The Irish energy White Paper released in December 2015 states the objective of diversifying electricity generation from renewable energy sources (RES-E). While onshore wind is planned to continue to make a significant contribution, the question arises as to which roles other RES-E technologies, such as solar PV, wind offshore or bioenergy, will play in the future.
Moreover, the Irish 2030 target for RES-E is about to be set (the EU has set a 32 per cent EU-wide binding target). Since future electricity demand growth is undetermined and the national target is yet unknown, this creates a high degree of uncertainty around the overall amount of RES-E required. In this uncertain context, this research seeks to provide support for:
1. Achieving the national RES-E target determined as percentage share of energy demand in a cost minimal way under consideration of different diversification approaches.
2. Long-term planning of the electricity system by providing insight into the future regional distribution of generation and demand under different scenarios.
In order to address the uncertainty in the demand development (from today’s perspective largely driven by the growth and connection of data centres) and in the 2030 targets, the ESRI consider two different demand development cases (high/low) and three different 2030 targets for RES-E in Ireland (45 per cent, 50 per cent and 60 per cent), which are assumed to increase to 70 per cent, 80 per cent and 90 per cent by 2050 respectively.

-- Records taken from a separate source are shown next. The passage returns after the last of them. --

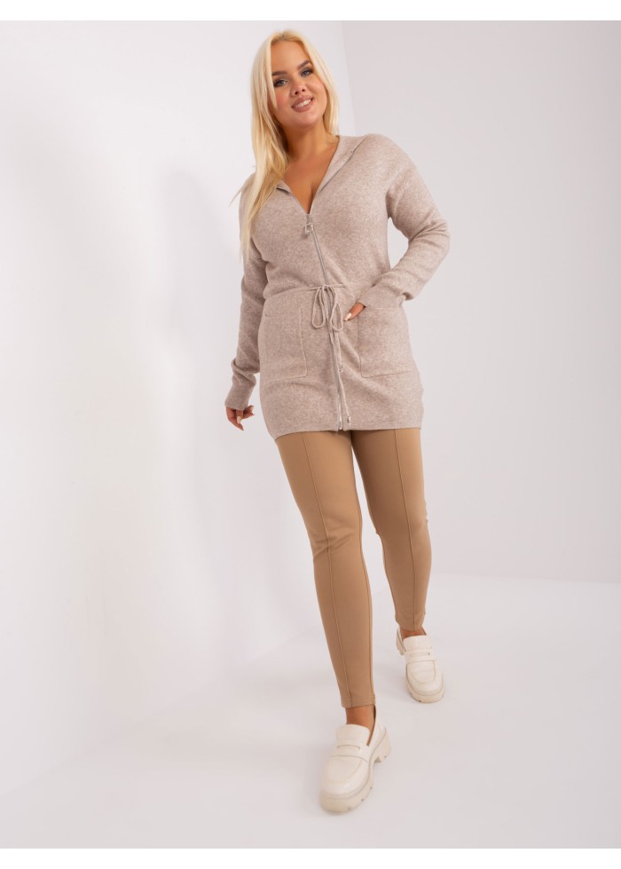 Sveter s kapucňou, zapínanie na zips, ozdobná šnúrka v páse, 2 vrecká, jemný úplet, modelka má na sebe veľkosť xl/xxl. miery modelky: výška: 172 cm, prsia: 103 cm, pás: 73 cm, boky: 103 cm, rozmer produktu, meraného na plocho, vo veľkosti xl/xxl:, šírka pod plecami: 64 cm, dĺžka rukáva: 65 cm, celková dĺžka: 84 cm.
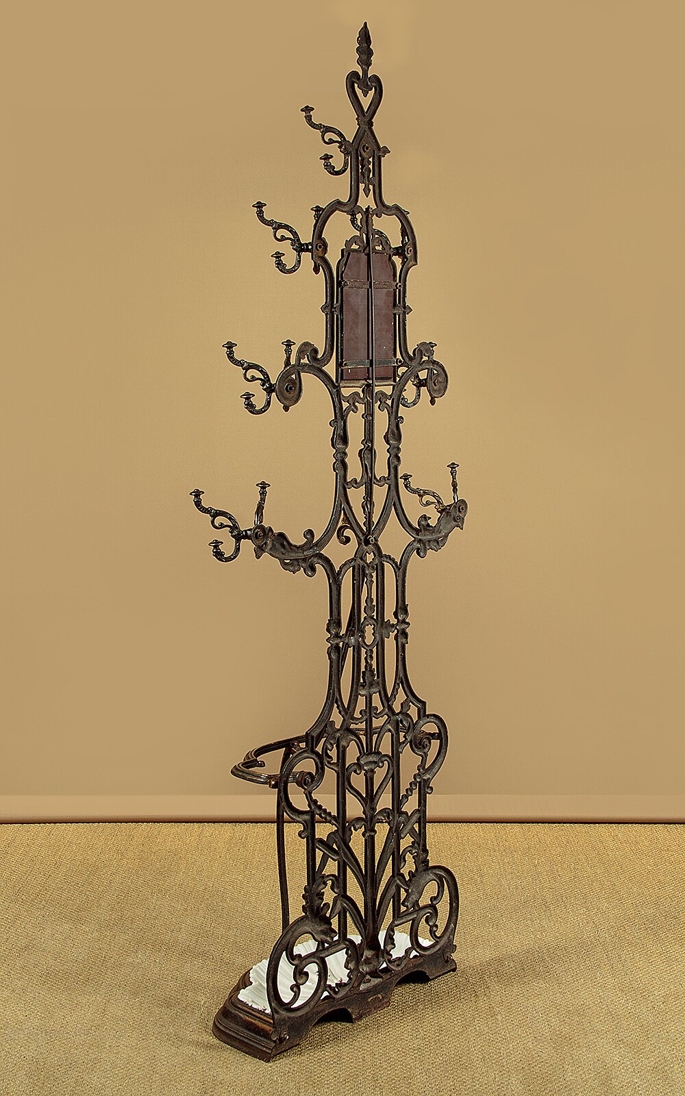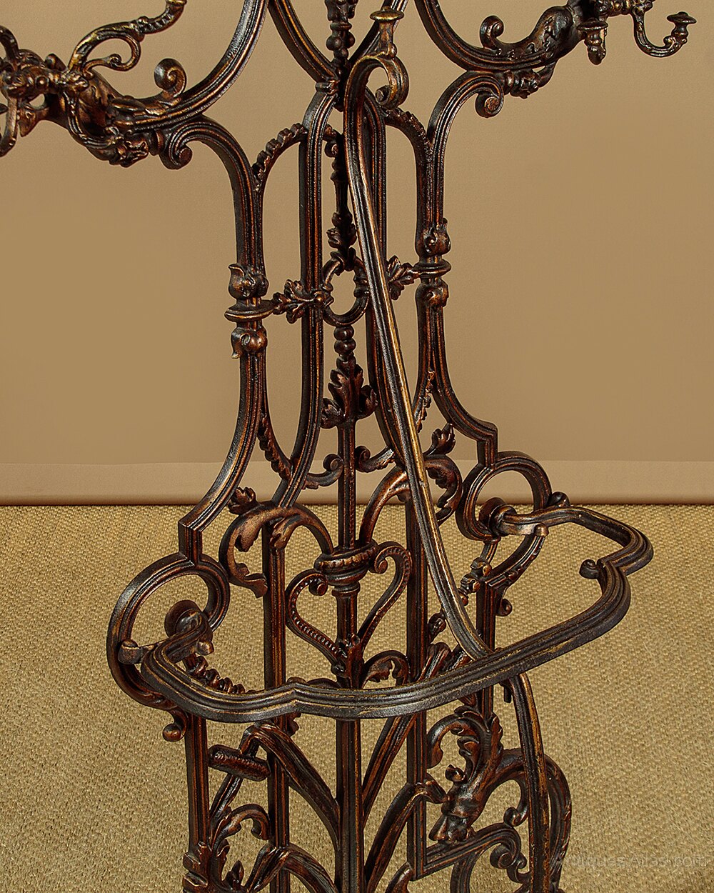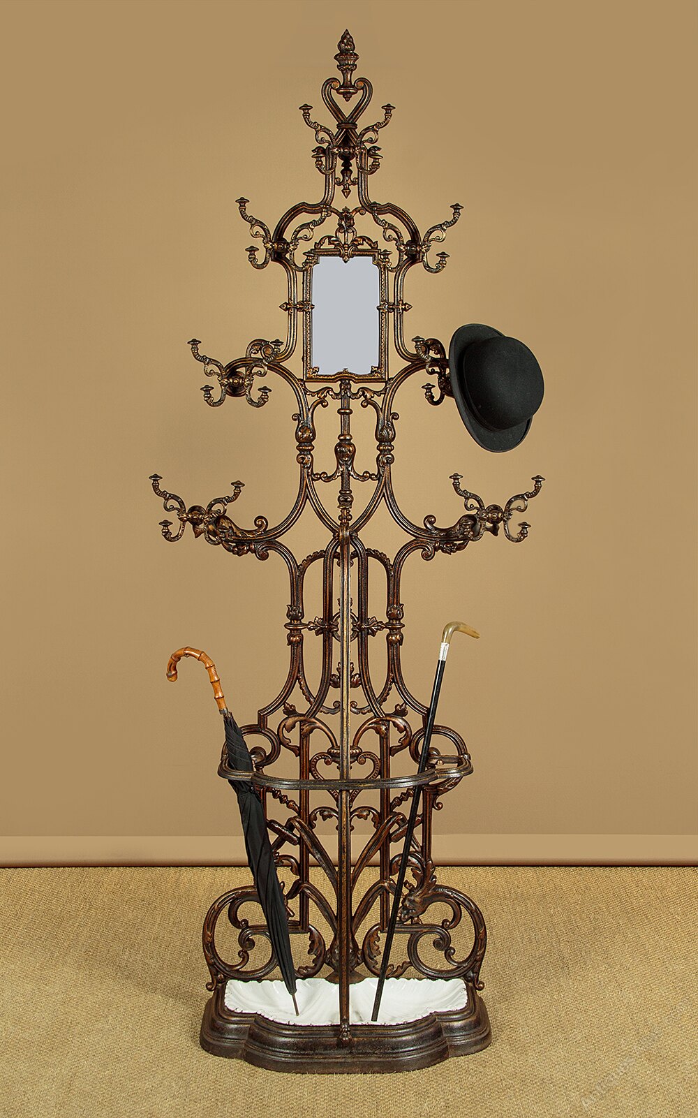 Beautiful cast iron hallstand c.1900. 14 double hooks for hats, coats and bags etc and a small mirror plate over a stay for sticks and umbrellas with a removable drip tray in the base. Very elaborate cast iron frame with decorative detail highlighted in gold. Note the grotesque heads at the base and the scalloped shape to the drip tray. Excellent condition.
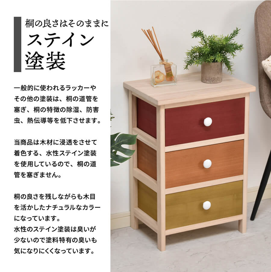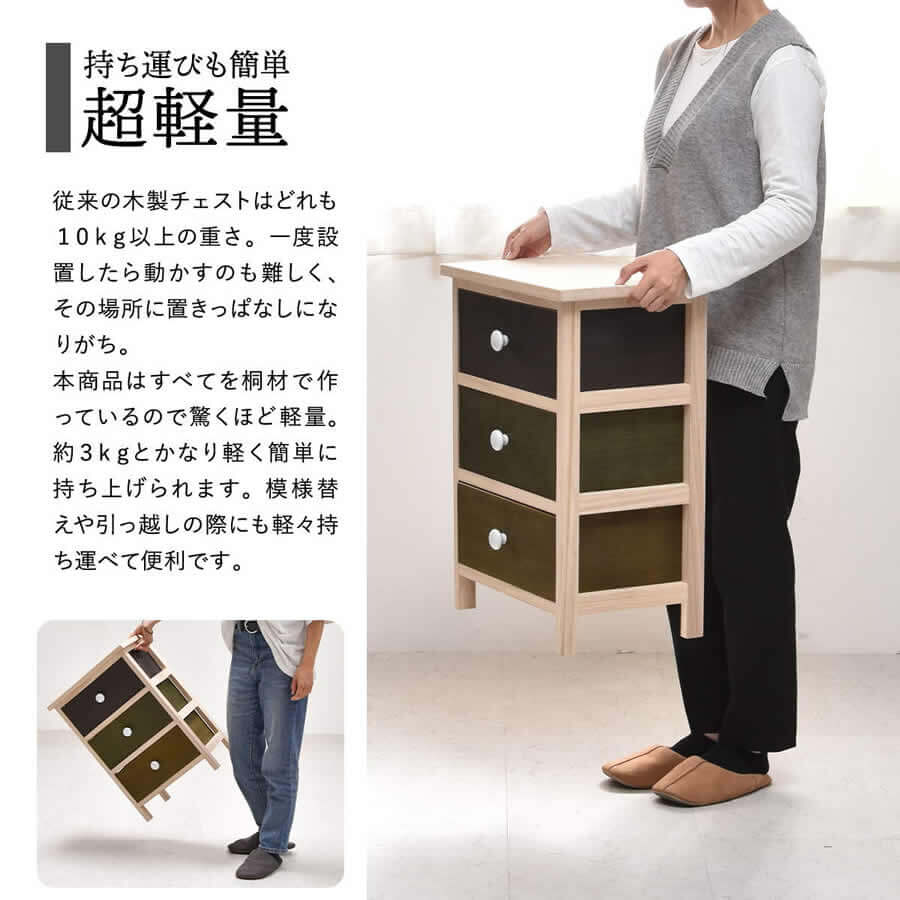 軽量で素材感を生かした桐でできた3段チェストです。
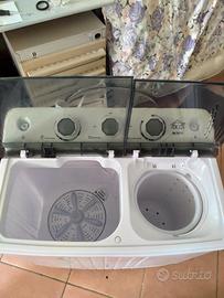 Lavatrice da campeggio usata poco. Lava da una parte e centrifuga dall'altra. Perfettamente funzionante, solo la molla che fa rimanere aperto il coperchio della centrifuga è rotta ma non inficia su niente.
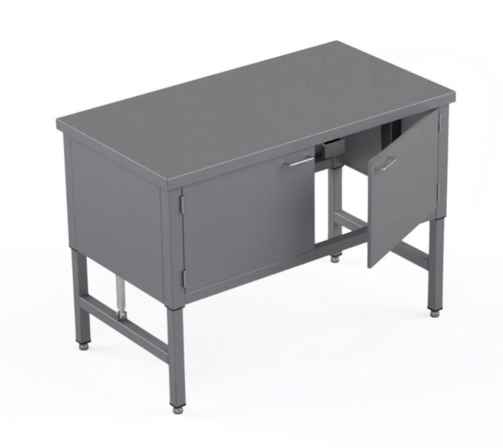 Rostfri höj/sänkbar arbetsbänk med skåp och sektionshylla – måttbeställd
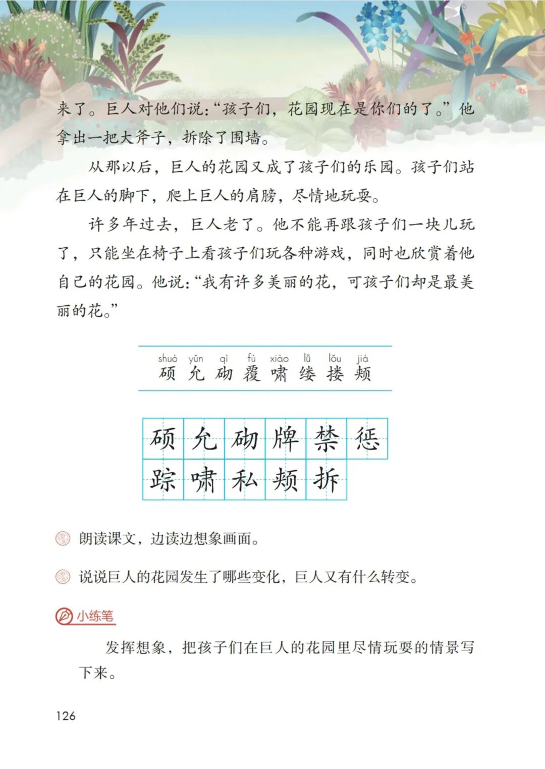 发挥想象,把孩子们在巨人的花园里尽情玩耍的情景写下来。
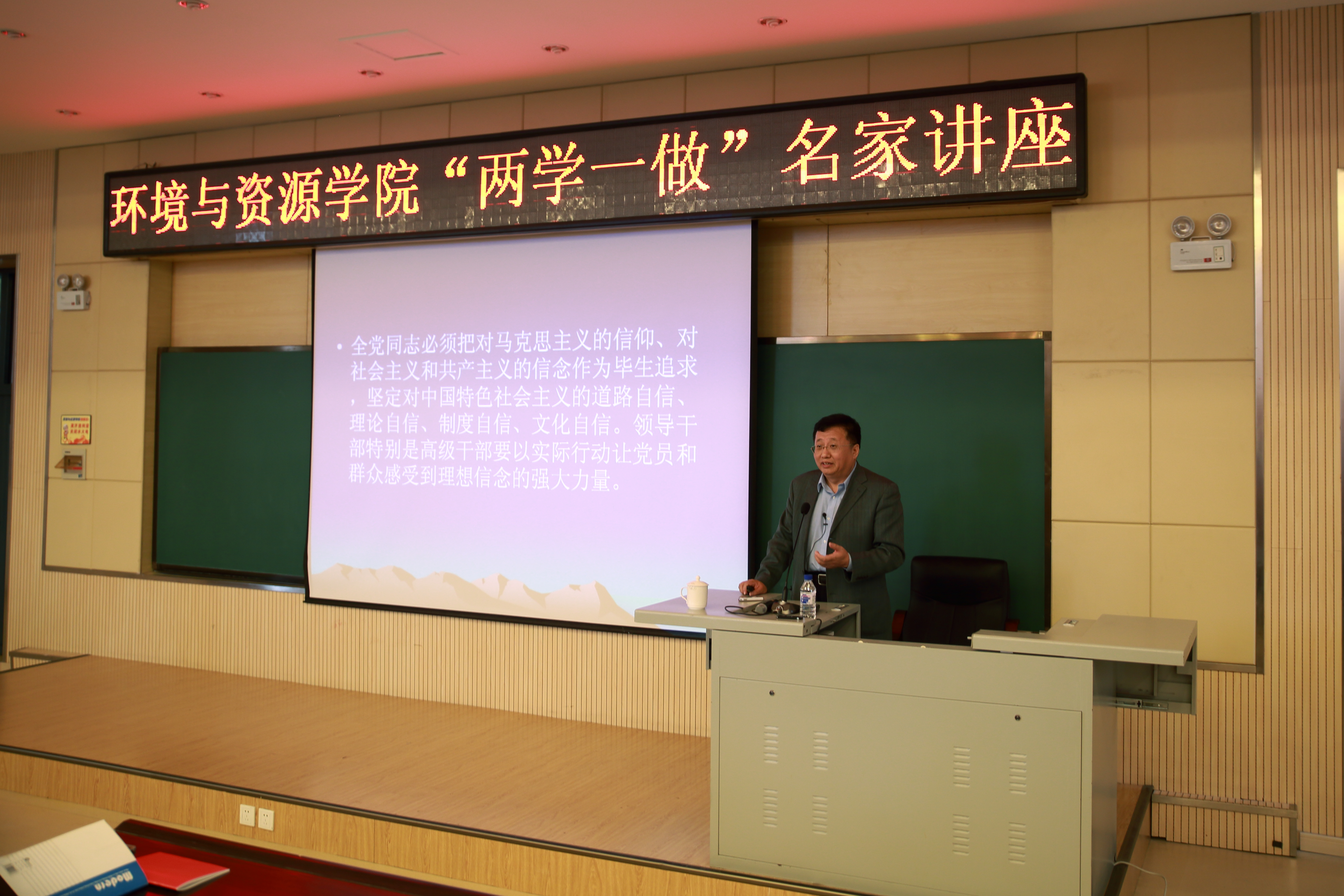 做题为“不忘初心,坚定理想信念”的“两学一做”专题讲座。北区综合办公室主任孙英男、环资学院领导班子、北区综合办教职员工、环境与资源学院师生聆听了讲座。会议由环境与资源学院党委书记陆志东主持。
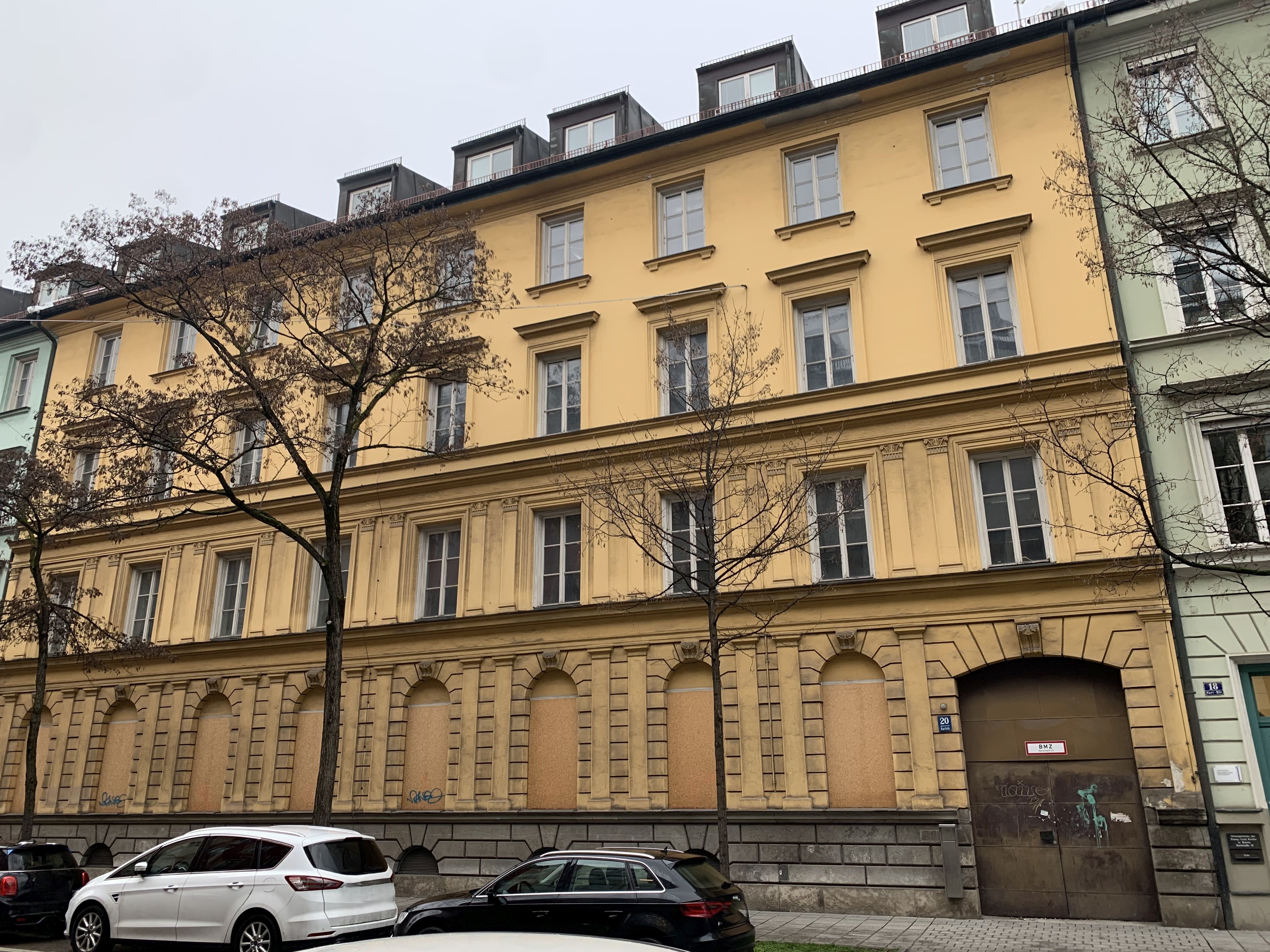 Die beiden Gebäude blicken auf eine fast 200 Jahre lange Geschichte zurück: 1828 von Architekt Rudolf Röschenauer als vierstöckige Wohnhäuser errichtet, erfolgte Anfang der 1930er-Jahre ein Umbau in Büro- und Verwaltungsgebäude. Nach Kriegsschäden 1947 wiederinstandgesetzt, war dort bis 2007 unter anderem das Landesamt für Steuern untergebracht. Von 2015 bis 2018 dienten sie als Unterkunft für Asylsuchende, seither standen sie wegen Wasserschäden leer. Beide Gebäude sind klassizistische Einzeldenkmäler und stehen gemeinsam mit der Karlstraße 18 unter Ensembleschutz. Insbesondere erhaltenswert sind die klassizistische Fassade entlang der Karlstraße, die Holzbalkendecken, Teile des Dachstuhls und die Parkettfußböden.
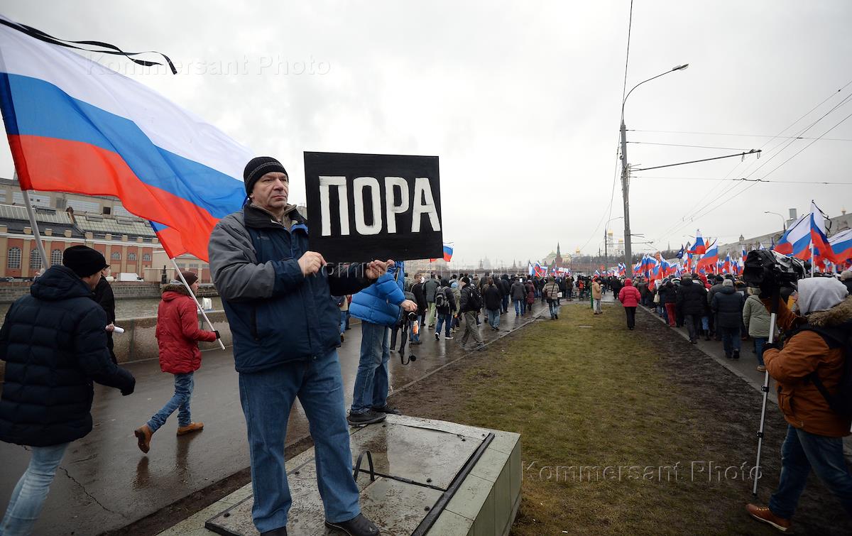 Траурный марш в память о сопредседателе политической партии "РПР-ПАРНАС" Борисе Немцове, который был застрелен в ночь с пятницы на субботу на Большом Москворецком мосту. Участники марша прошли от метро "Китай-город" до Большого Москворецкого моста.
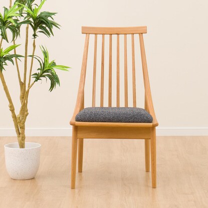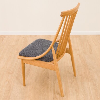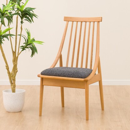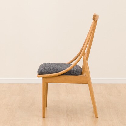 サイドフレームの曲げ木が特徴的。 シンプルながら存在感のあるデザインです。 オーク材を使用した自然美豊かな表情とデザインを楽しめるチェア。 堅く、重厚感がありながら加工がしやすい木材です。 古くより家具の素材として愛用されています。こちらは一般家庭向けの商品です。 業務使用を前提とした構造にはなっておりません。※イメージ画像の場合、使用している小物等は演出品です。
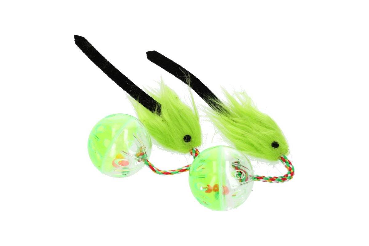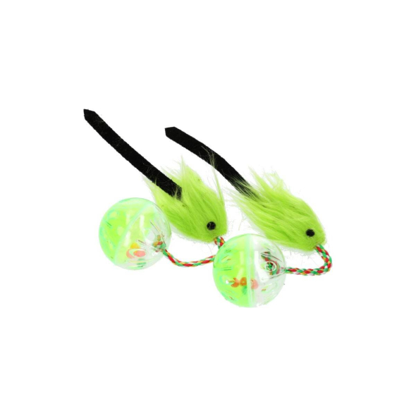 HIPPIE PET toy for cat, balls with mouse, 26 cm, 2 pcs. green
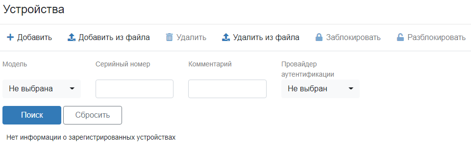 Вы можете добавить устройство, выбрав файл с параметрами устройства (Добавить из файла), либо указать параметры вручную (Добавить).

For each of these cases, ESRI further distinguish between three diversification scenarios: (1) a pure cost minimal scenario (Least Cost); (2) a scenario that assumes a predefined minimum level of diversification of RES-E sources (Diversify); and (3) a scenario that assumes a predefined minimum level of rooftop PV in addition to scenario (2) (Diversify+PV). ESRI have developed an optimisation model specifically designed for the analysis of these scenarios.
RES-E expansion on a national level
In the Least Cost scenario, RES-E expansion basically happens through wind onshore only – regardless of the demand case. In the Diversify scenario, until 2030, the most preferred technologies beyond wind onshore are wind offshore and biomass. After 2040, this scenario also sees expansion in ground-mounted solar PV in the high demand case. In the Diversify+PV scenario, there is significant capacity expansion in rooftop PV from 2030 onwards, but no expansion in ground-mounted PV.
The amount of installed capacity by technology type varies significantly between the demand cases. In the Least Cost scenario, more than 12 GW of wind onshore will need to be installed by 2050 for the high demand case and a RES-E target of 90 per cent, while less than 9 GW will need to be installed for the low demand case and a RES-E target of 70 per cent in 2050. In terms of the cost effects, ESRI find that the Diversify scenario leads to a moderate increase in discounted costs of around 6 per cent until 2050 compared to the Least Cost scenario. In contrast, the Diversify+PV scenario leads to an increase in discounted costs of around 20 per cent until 2050.
RES-E expansion on a regional level
In the Least Cost scenario, the most favourable locations for wind on the west coast and in the north of the island are subject to strongest expansion. These capacity hotspots change in both Diversify scenarios. For instance, rooftop solar PV has its most preferable conditions in the south and requires a sufficient amount of population to have the required roofs available. Therefore, generation shifts southwards in the Diversify+PV scenario.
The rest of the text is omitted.